Since my last blog posting (17 August 2013) there have been further reports of G.K. Chesterton’s cause for canonization being advanced. In addition to an on-going flurry of twitter posts, there have now been online reports by the Independent, the Spectator and the BBC. According to the BBC: “Bishop Peter Doyle said he had spoken to the ACS and would appoint a priest to make ‘tentative inquiries’” (the ACS is the American Chesterton Society). This, according to the BBC, “is the first official step towards the possible canonization of Mr Chesterton.”
The following are some of the posts relating to this event:
The BBC: “G.K. Chesterton: Bishop of Northampton probes sainthood claims”
The Independent (Oscar Quine): “Saint GK Chesterton?
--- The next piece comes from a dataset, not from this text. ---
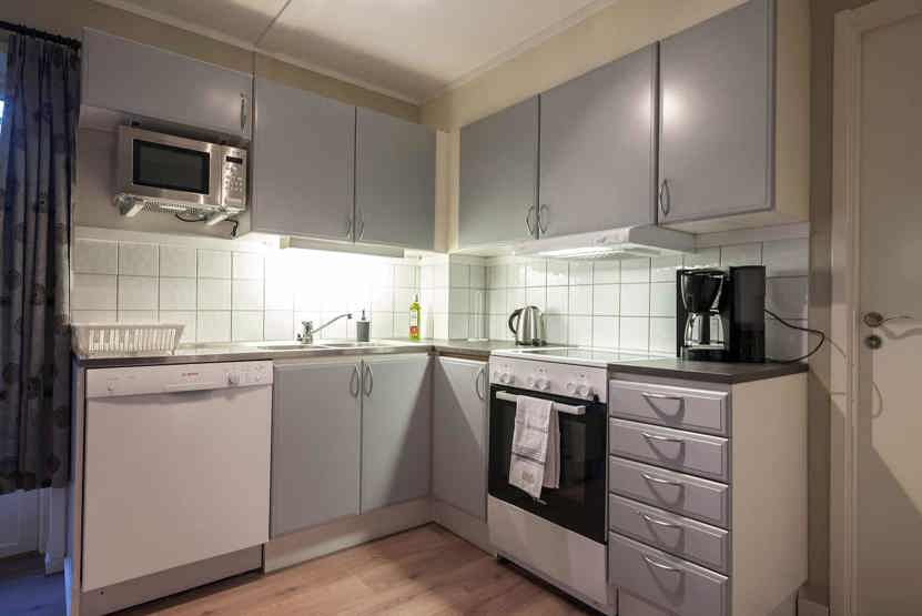 Køkkenet indeholder: elkomfur med ovn, køleskab, frys, microovn, opvaskemaskine.

Bishop begins preliminary tests for canonisation of writer”
The Spectator (Melanie McDonagh): “Why G.K. Chesterton shouldn’t be made a saint”
Catholic News Agency (Kevin Jones): “Possible sainthood cause for Chesterton sparks excitement”
Catholic Herald (Francis Phillips): “I hope Chesterton is canonised and made a new patron saint of journalists”
Catholic Herald (William Oddie): “Chesterton’s Cause has not yet been officially opened: but this is surely the beginning of the end of many years of prayer for that day to come”
Jewish Chronicle (Oliver Kamm): “G K Chesterton: a writer unfit to be a saint”
It will be interesting to see if Chesterton’s antisemitic stereotypes and caricatures of greedy, usurious, capitalist, bolshevist, cowardly, disloyal and secretive Jews, which appeared not only in his fictional works but also in his journalism and articles in the New Witness and G.K.’s Weekly, will be taken into account when considering his worthiness to be considered a saint. It is of course not my place to venture a theological judgement on the holiness of Chesterton and his suitability for beatification. A number of individuals recognised by the Church as saints also wrote texts and sermons which contained hostile images and stereotypes of “the Jew” (for example, John Chrysostom’s Adversus Judaeos). Whilst I decline to advance a religious or theological opinion, I would venture a purely social one. Considering Chesterton’s discourse about “the Jew” and the so-called “Jewish Problem”, which was replete with ugly deprecating stereotypes, the appropriateness and wisdom of considering him a saint or a prophet is, from the perspective of promoting understanding rather than misunderstanding between Christians and Jews, at the very least questionable.